THE REAL MENTAL EDGE

The study didn’t stop at fight performance. It also found that creative fighters are mentally stronger outside the cage. Martial arts training improves emotional regulation, lowers anxiety, and builds resilience. Fortunately, those are the traits you want to have because being stressed tanks your creativity says a paper in Thinking Skills and Creativity. That’s because the same openness to experience that helps you throw a switch kick instead of a jab may also help you bounce back from a bad round, a bad camp, or a stretch of life that feels like one long weight cut. In the research mentioned at the start of this piece, fighters with high creativity scores were also more likely to dodge burnout, stay motivated longer, and maintain a clear head when pressure wants to smother them. That’s no small thing in a sport where one lousy night can nuke your momentum. Building creativity is like building fight insurance.
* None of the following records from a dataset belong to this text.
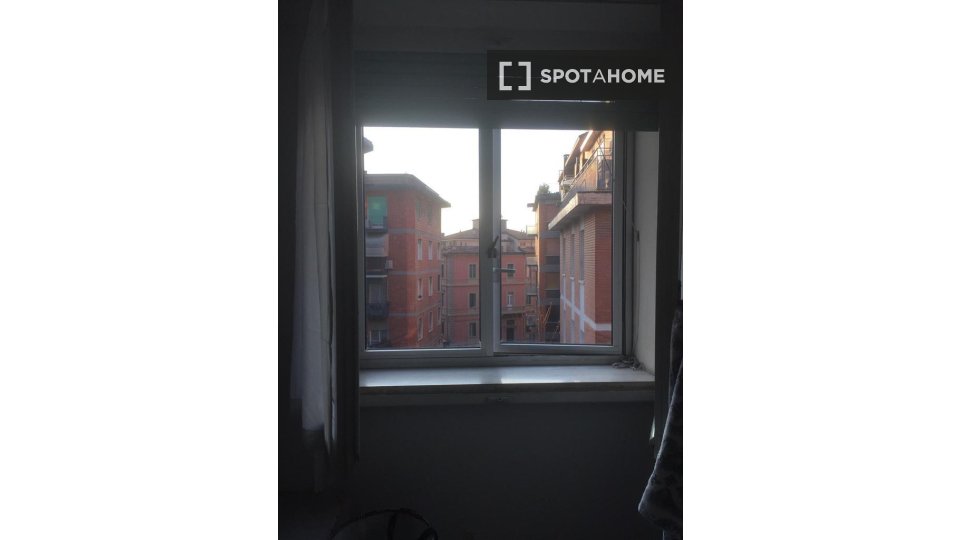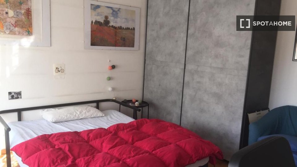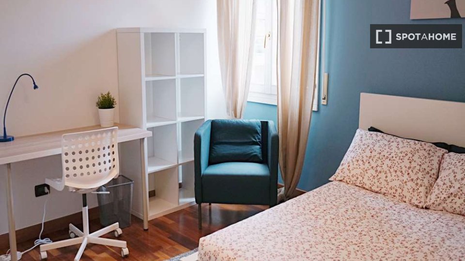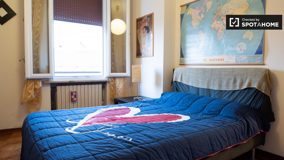Questa accogliente camera si trova in un appartamento condiviso con 6 camere da letto nel cuore d...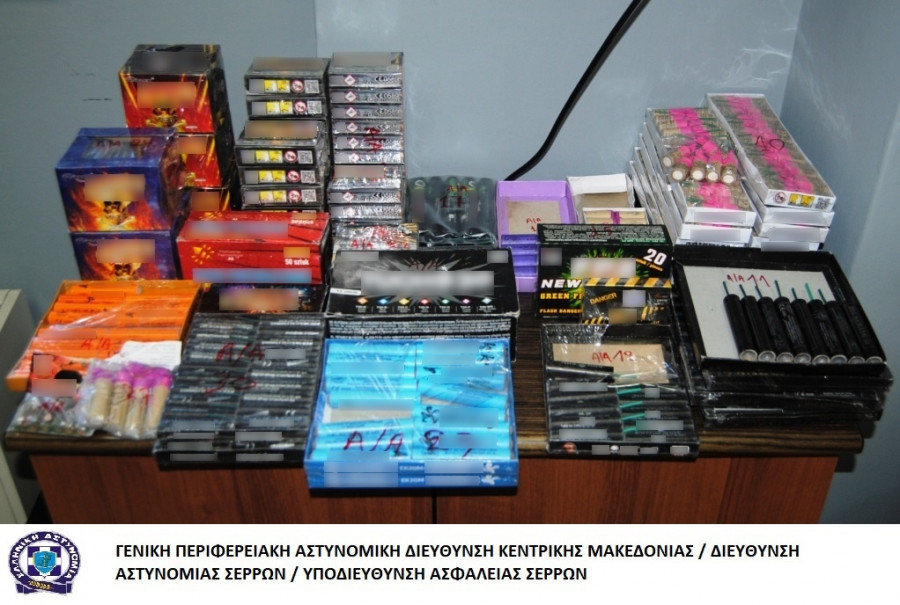 Πάνω από 2.000 κροτίδες, αυτοσχέδιες πυροτεχνικές κατασκευές, πυρσούς, μαχαίρια και ρόπαλα, είχε μεταξύ άλλων στο σπίτι του ένας 22χρονος στις Σέρρες.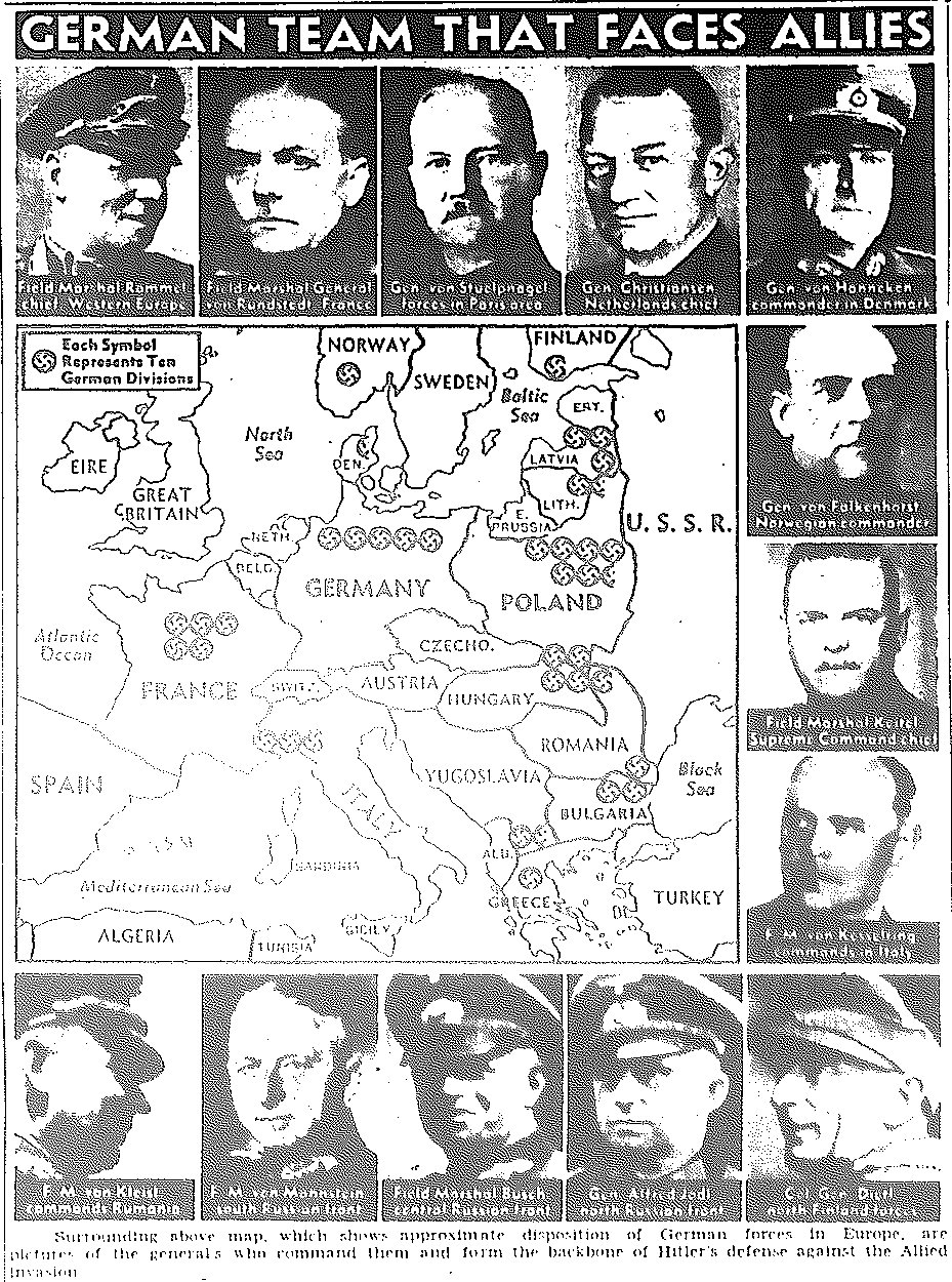 Map of Deployment of German Troops and Commanders, published May 6, 1944

It gives you more tools, more ways to win, and more ways to keep your head on straight when everything’s falling apart.

BUILD IT OR BLOW IT

Fortunately, the researchers found that creativity builds over time, often requiring more than ten years of consistent martial arts training. Ten years sounds like forever, but you’re already on the grind. It’s just about doing it differently. Chase novelty. Play with strategy. Explore instead of executing. If your training partner never makes you uncomfortable or confused, then you’re probably not learning. You’re just rehearsing. You don’t have to become a capoeira wizard overnight. But you do need to break your patterns. If every camp feels like déjà vu, you miss a chance to grow. Add some chaos. Surprise yourself in training. Use your non-dominant side. Visualize five different finishes from the same position, then invent the sixth. Study your opponents, then imagine the exact opposite game plan and run that scenario instead. Make your mind as sharp as your mitts because predictability doesn’t sell, and creativity is the real currency of MMA. It’s not about abandoning the fundamentals. It’s about expanding them because those who operate outside the box are the ones who get remembered after the last round ends.